Objective To evaluate the longer-term safety and efficacy of secukinumab, a fully human monoclonal antiinterleukin-17A antibody, in patients with rheumatoid arthritis.

Methods In this 52-week, double-blind, placebo-controlled (up to Week 20) study (NCT00928512), patients responding inadequately to disease-modifying antirheumatic drugs (DMARD) or biologics were randomized to receive monthly subcutaneous injections of secukinumab (25, 75, 150, or 300 mg), or placebo. The efficacy and safety results up to Week 20 have been reported previously. Here, efficacy results from Week 20 to 52 and safety results from Week 20 to 60 are presented.

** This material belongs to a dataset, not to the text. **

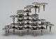 13 design lysestager i hvidmetal, kan samles i moduler. Ustemplet. 1 modul måler 6 x 11 cm. I flot stand.

Results Of 237 patients randomized, 174 (73.4%) completed the study. Patients with improved American College of Rheumatology (ACR) and 28-joint Disease Activity Score (DAS28) C-reactive protein (CRP) responses at Week 16 sustained their responses through Week 52. In patients taking 150 mg of secukinumab, responses were improved through Week 52 (ACR50: Week 16 = 45%, Week 52 = 55%; DAS28-CRP ≤ 2.6: Week 16 = 25%, Week 52 = 40%). The rate of adverse events (AE) from weeks 20 to 60 was 64.8%, with most AE being mild to moderate in severity. The overall rate of infections was 31.9%, most being mild. The most predominant infection was nasopharyngitis, and was not associated with dose or concurrent neutropenia. Serious AE were reported in 21 patients (8.9%). There were 3 reports of malignancies (ovarian, lung, basal cell), and no deaths between weeks 20 and 60.

Conclusion Patients with active RA who failed to respond to DMARD and other biologics showed an improvement after longterm treatment with 150 mg of secukinumab. The frequency of AE remained stable over time and secukinumab had a consistent safety profile over 60 weeks.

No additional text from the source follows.